JAN 19, 2019 11:10 AM PST

Gut Bacteria Influence the Efficacy of a Parkinson's Drug

WRITTEN BY: Carmen Leitch

We all host a vast community of microbes in our gut, a part of the body that’s been called a second brain because of its close connections with our central nervous system. The bacteria in our digestive tract helps us metabolize food, and it can also impact oral therapeutics. New research by scientists at the University of Groningen has shown that gut microbes are interfering with levodopa, a treatment for Parkinson’s disease. Levodopa is an oral therapy that is meant to be changed into dopamine inside the brain; when the conversion happens before it gets there, the dopamine is not able to cross the blood-brain barrier. These findings have been reported in Nature Communications.

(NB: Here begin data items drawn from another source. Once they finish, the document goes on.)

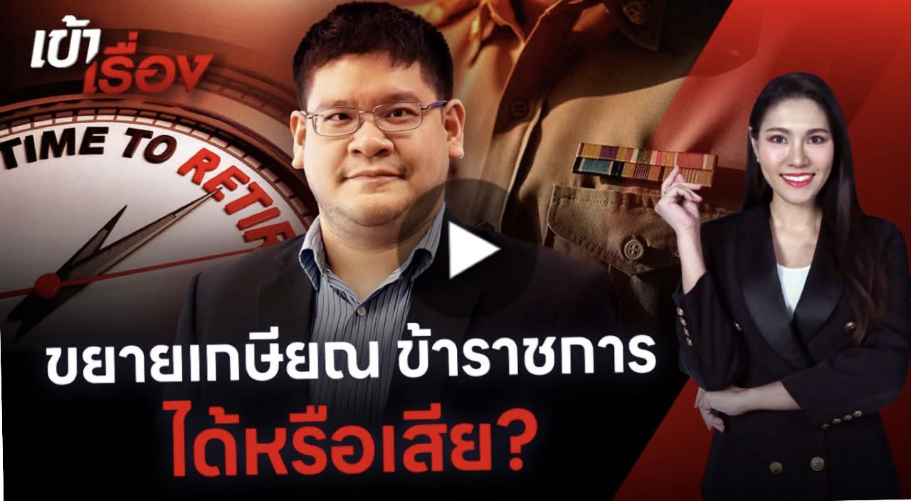 ขณะที่ไทยเข้าสู่สังคมผู้สูงวัยเต็มรูปแบบ การขยายอายุเกษียณเป็นสิ่งที่หลีกเลี่ยงไม่ได้ โดยเฉพาะในภาคเอกชนที่แรงงานจำนวนมากยังไม่มีเงินออมเพียงพอหลังเกษียณ ติดตามการวิเคราะห์ได้ใน “เข้าเรื่อง” ep.นี้
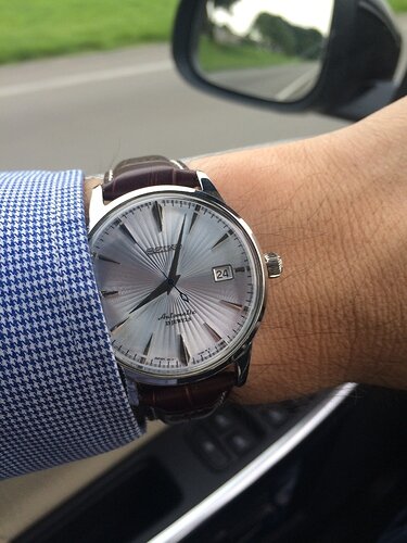 En oh oh oh, wat is 'ie mooi in het echt! Technische specs is één ding, maar emotie is nog zoveel belangrijker. Een horloge moet gewoon goed ‘voelen’ als je 'm omdoet, het gevoel dat dat je steeds even de mouw van je overhemd omhoog doet voor een ‘quick glimpse’ ;). Zelfs mijn vrouw vind hem mooi en dat ze heeft ze nog nooit uit haarzelf gezegd over bijvoorbeeld mijn Oris Aquis en andere gewaardeerde klokjes. Als ‘de directie’ het mooi vindt is dat toch een pluspuntje, hahaha.
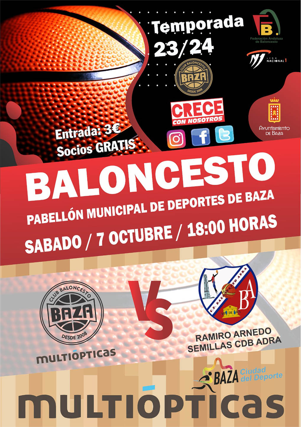 Tras el debut en campa ajena, el Multiópticas Baza vuelve al Pabellón Municipal para recibir al  CDB Adra, en la segunda jornada liguera. Un conjunto bastetano que debutamos en casa y que vuelve con la Liga Nacional de la Federación Andaluza de Baloncesto, al pabellón del Parque de la Constitución, recibiendo a un recién ascendido que se ganó tal derecho tras jugar la final provincial de Almería contra CB El Ejido.
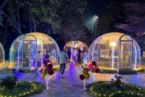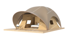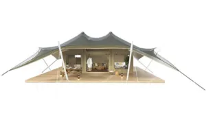 Stars Glamping borrowed this style and used wood and canvas to create a luxury Safari Tent – Teepee with a primitive style. The semi-circular khaki canvas and log structure reveal a simplicity, restoring the original as much as possible.
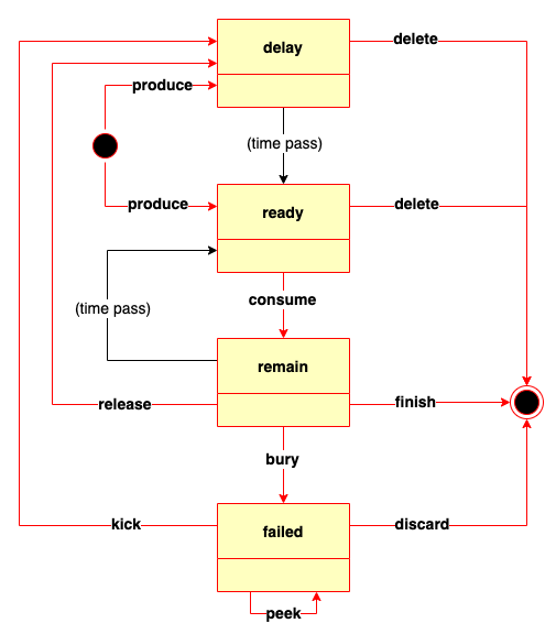 A job in Grape during its life it can be in one of four states: "delay", "ready", "remain", or "failed".
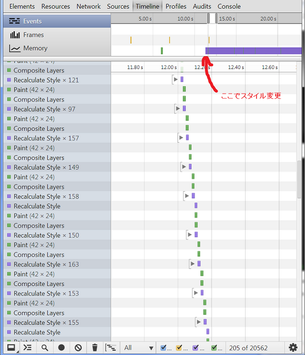 Dev Tools の Timeline タブを見ると、この環境では 1 フレームに 150 回くらい recalculate style してる。
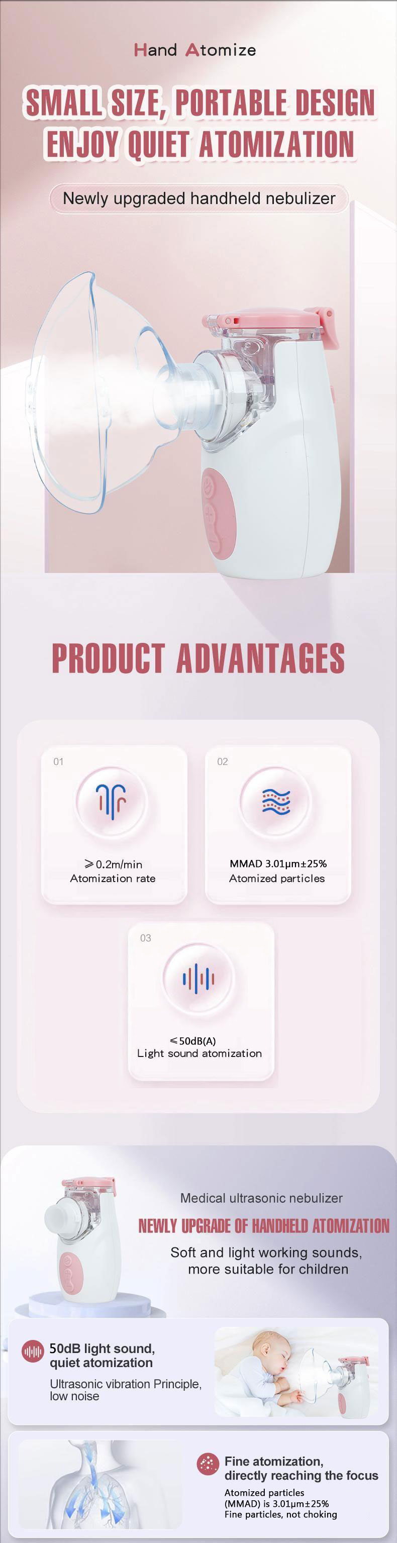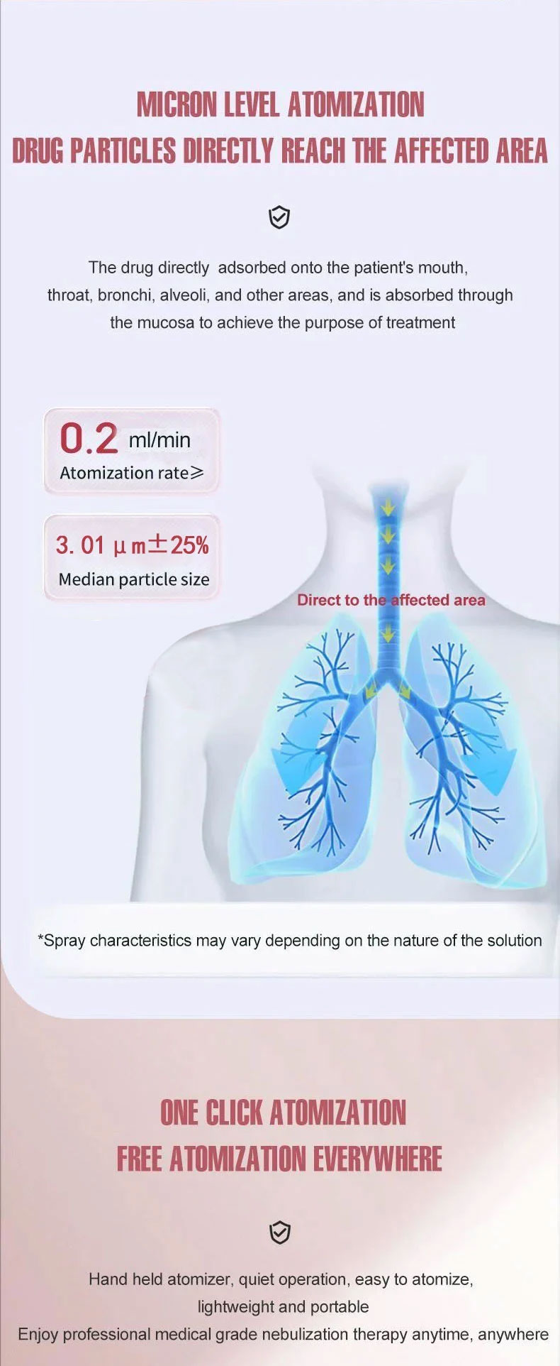 This device utilizes state-of-the-art microporous ultrasonic atomizing mesh technology that sprays liquid medication into fog/vapor form and delivers it directly to the patient for inhalation. Suitable for both adult and pediatric patients(age>1).
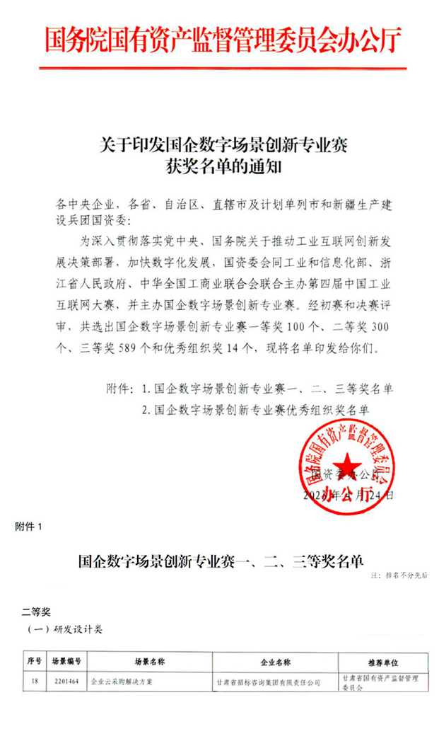 近日,國務院國資委公布了首屆“國企數字場景創新專業賽”獲獎名單。甘肅工程咨詢集團組織推薦的“甘招企業云采購平臺”創新場景,在全國2007家參賽企業推薦的3277個場景中脫穎而出,榮獲二等獎!
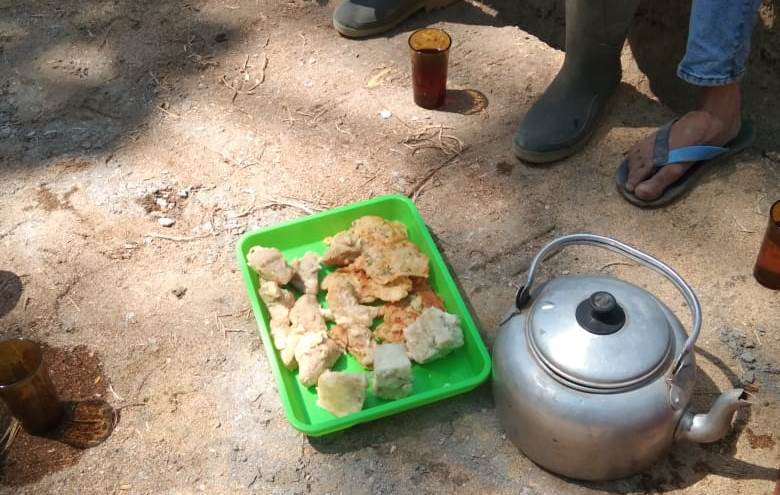 Dikemukakan Babinsa Sangup, Serka Rosyd, ada camilan khas Desa Sangup, yakni ketela goreng dibumbui gula Jawa. ”Jajanan khas itu disediakan warga secara bergantian sejak hari pertama Pra TMMD. Cukup lumayan sebagai “teman” bagi warga dan TNI saat istirahat kerja,”paparnya.
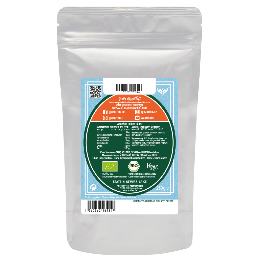 BIO Tzatziki Gewürzzubereitung im Aromabeutel (à 250 Gramm) verpackt (Versandkostenfrei innerhalb von Deutschland geliefert).
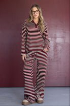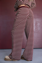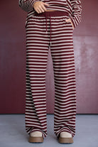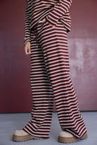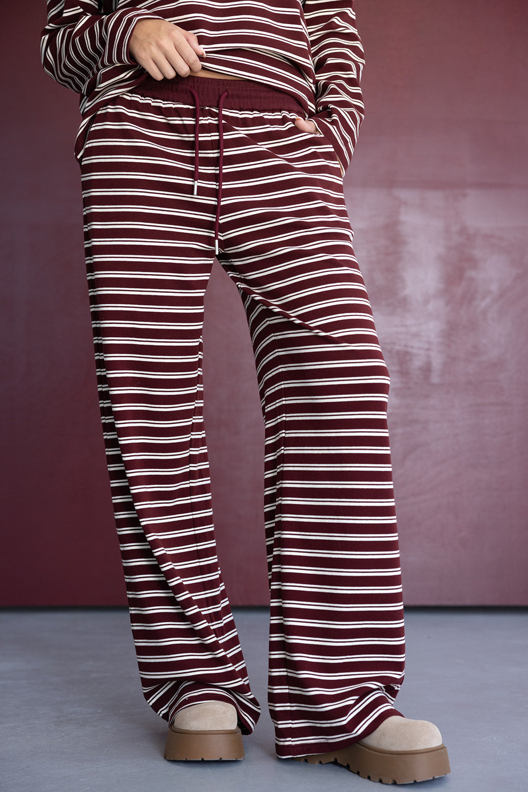 מכנס ארוך מבד נוח ונעים למגע, בגזרה ישרה ומשוחררת. למכנס גומי במותן, שרוכים לקשירה ושני כיסים קדמיים לנוחות מקסימלית. בשילוב דוגמת פסים לרוחב המכנס.
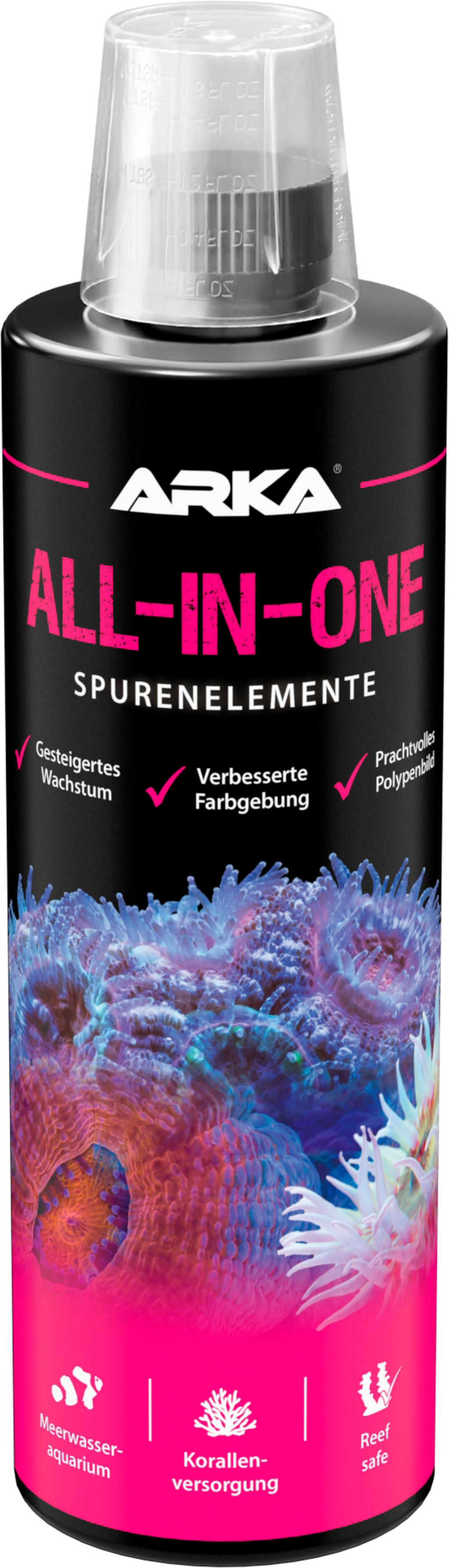 All-IN-ONE iz Microblifta optimalno opskrbljuje koraljne polipe, alge i stanovnike grebena važnim hranjivim tvarima i elementima u tragovima u slanom akvariju. Dodatni vitamini i aminokiseline jačaju imunološki sustav tako da je apsorpcija elemenata u tragovima optimalna. Potiče se rast polipa i osigurava veličanstven izgled. Uz All-in-ONE možete učiniti da vaš morski akvarij zablista.
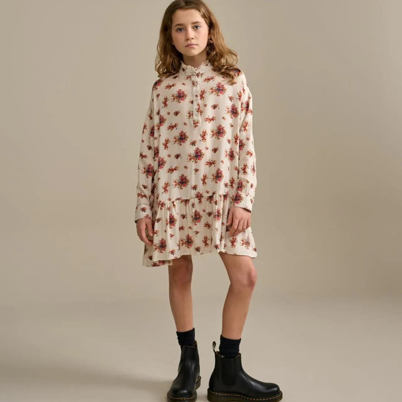 Voici ADYLLE, une robe d’inspiration vintage un peu bohème qui combine une coupe ample, une jupe à volants, un col relevé semi-ouvert et des épaules tombantes avec un mélange léger de viscose dans un motif floral vintage
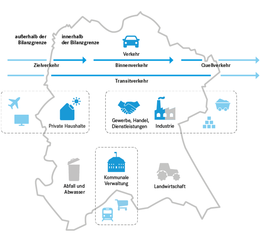 - Territorialprinzip: Alles, was auf dem Gebiet der Stadt Würzburg an CO2äq emittiert wird
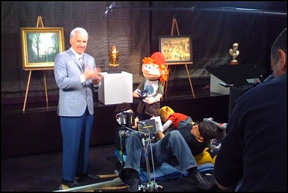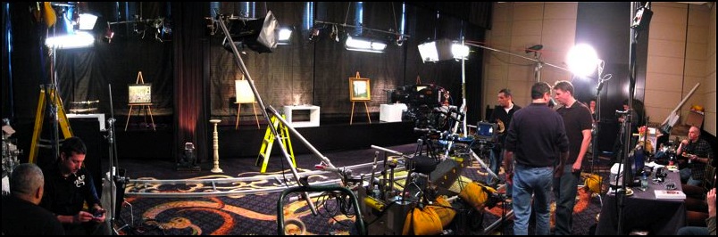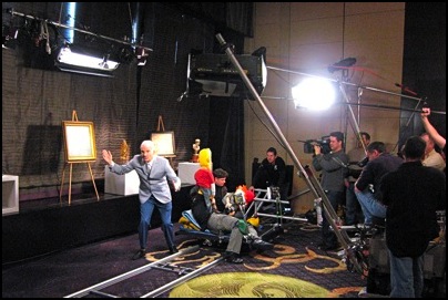 Press junkets used to stick the star next to a poster of the movie and someone asked a whole lot of dumb questions. These days the promos we do have become a much more complicated affair. Here is another Jib & Crash Cartoon Network Promo for the movie “Pink Panther 2” with Steve Martin. Rig required two Dolly Tracks, one for both puppeteers, one for the camera with two outriggers for lighting moving in tandem with talent and puppets. The whole scene was shot in the Mandarin Oriental Hotel which transformed to look like an art gallery. Mel Williams Director of Photography, John Roche Gaffer, Michael Vazquez Key Grip.
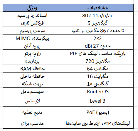 ویژگیهای کلیدی رادیو وایرلس MikroTik LHG XL 5 ac
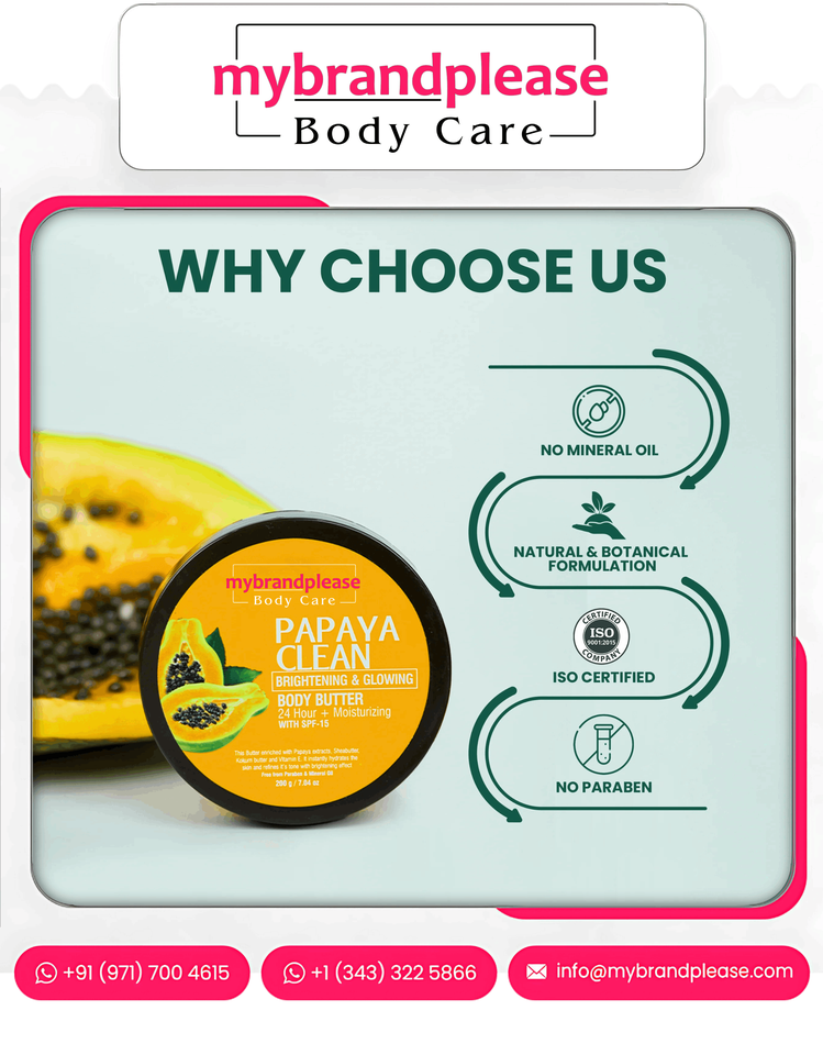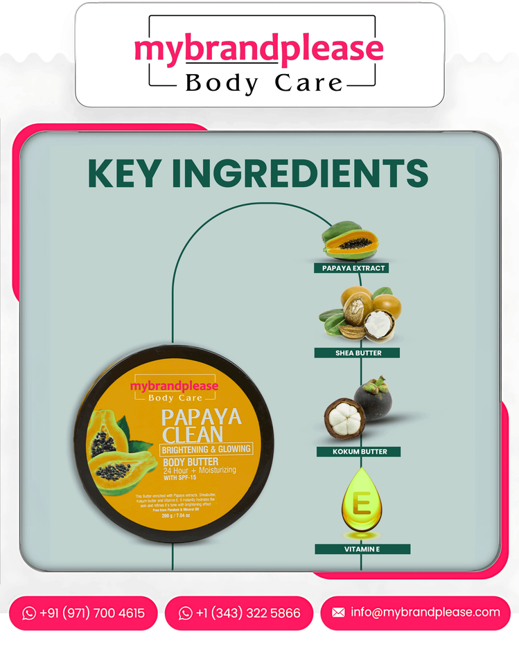 Custom Brand Papaya Body Butter for Brightening and Glow Intensive Moisturizing Cream for Dry Dull and Uneven Skin
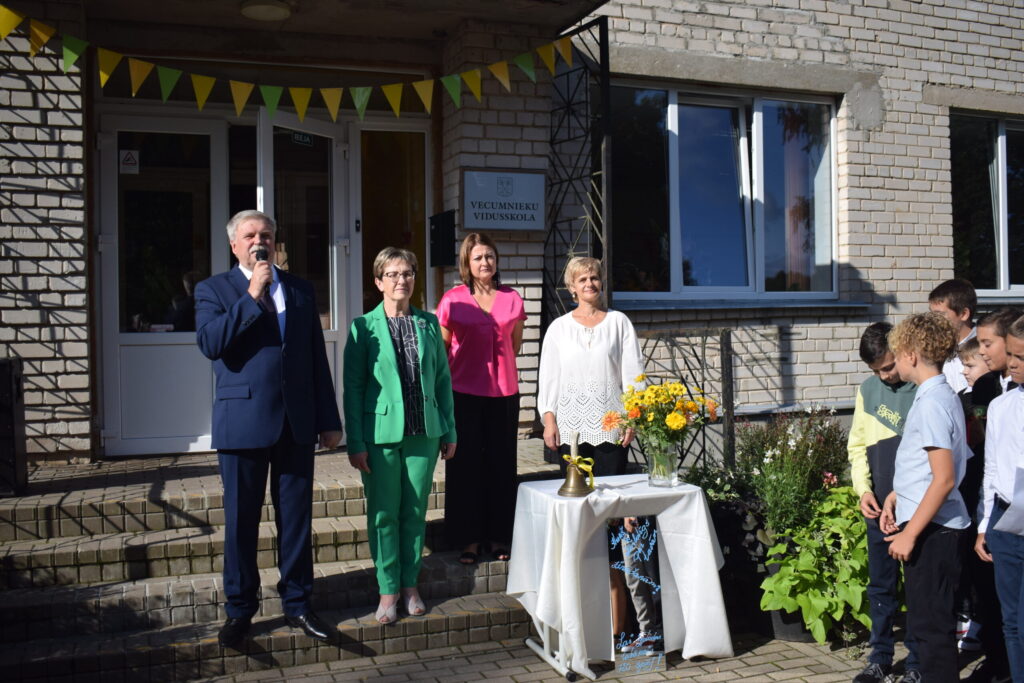 Vecumnieku vidusskolas audzēkņiem Zinību diena, 1. septembris, sākās ar satikšanos klases stundā, bet pēc tam visi pulcējās skolas priekšā, lai svinīgi iezvanītu jaunā mācību gada sākumu.
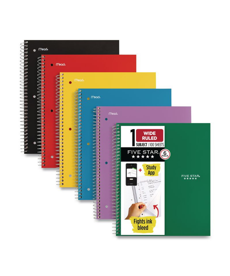 Lasts all year. Guaranteed! Durable, water-resistant poly covers protect your notes all year. Reinforced, tear-resistant divider pockets keep your loose sheets together. Spiral Lock® wire binding prevents coil snag, and high-quality paper provides excellent ink-bleed resistance. Easily inserts into any three-ring binder (sold separately). Scan, study and organize your notes with the Five Star Study App. Create instant flashcards and sync your notes to Google Drive to access them anywhere, from any device.
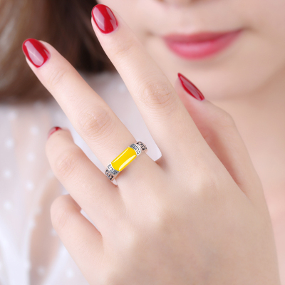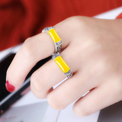 Nhẫn bạc 925 trống rỗng hỗ trợ dát sáp ong màu ngọc lam nhẫn nhẫn hỗ trợ nam và nữ hỗ trợ nhẫn đôi nhan nam Nhẫn
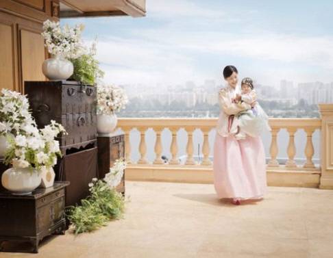 사진에는 곱게 한복을 차려입은 한지혜 모녀가 사진 촬영에 한창이다.
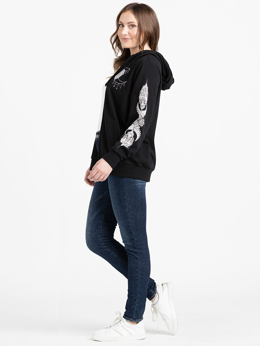 Rated 5 out of 5 by from Nice sweater/hoodie for fall Myself & my 9yr old got matching hoodies ; really enjoy the celestial moon 🌙 detailing.

“It is well established that gut bacteria can affect the brain. There is a continuous chemical dialogue between gut bacteria and the brain, the so-called gut-brain axis,” explained the lead investigator of this study Sahar El Aidy, Assistant Professor in Microbiology.

Levodopa is a pill that is taken up by the small intestine and moved to the brain through the bloodstream. Enzymes called decarboxylases change the drug into dopamine before it reaches the brain. To prevent that from happening, patients take decarboxylase inhibitors. 

“But the levels of levodopa that will reach the brain vary strongly among Parkinson's disease patients, and we questioned whether gut microbiota were playing a role in this difference,” noted El Aidy.

Graduate candidate Sebastiaan van Kessel used a rat model to assess the activity of a bacterial enzyme called tyrosine decarboxylase. The enzyme can convert levodopa into dopamine. The researchers showed that Enterococcus bacteria were producing that enzyme, and that even when it was required for its normal job, it continued to modify the levodopa. 

Since patients that take this drug are also given decarboxylase inhibitors, the team assessed the effect of inhibitors on the bacterial enzyme. “It turned out that, for example, the inhibitor Carbidopa is over 10,000 times more potent in inhibiting the human decarboxylase,” revealed El Aidy.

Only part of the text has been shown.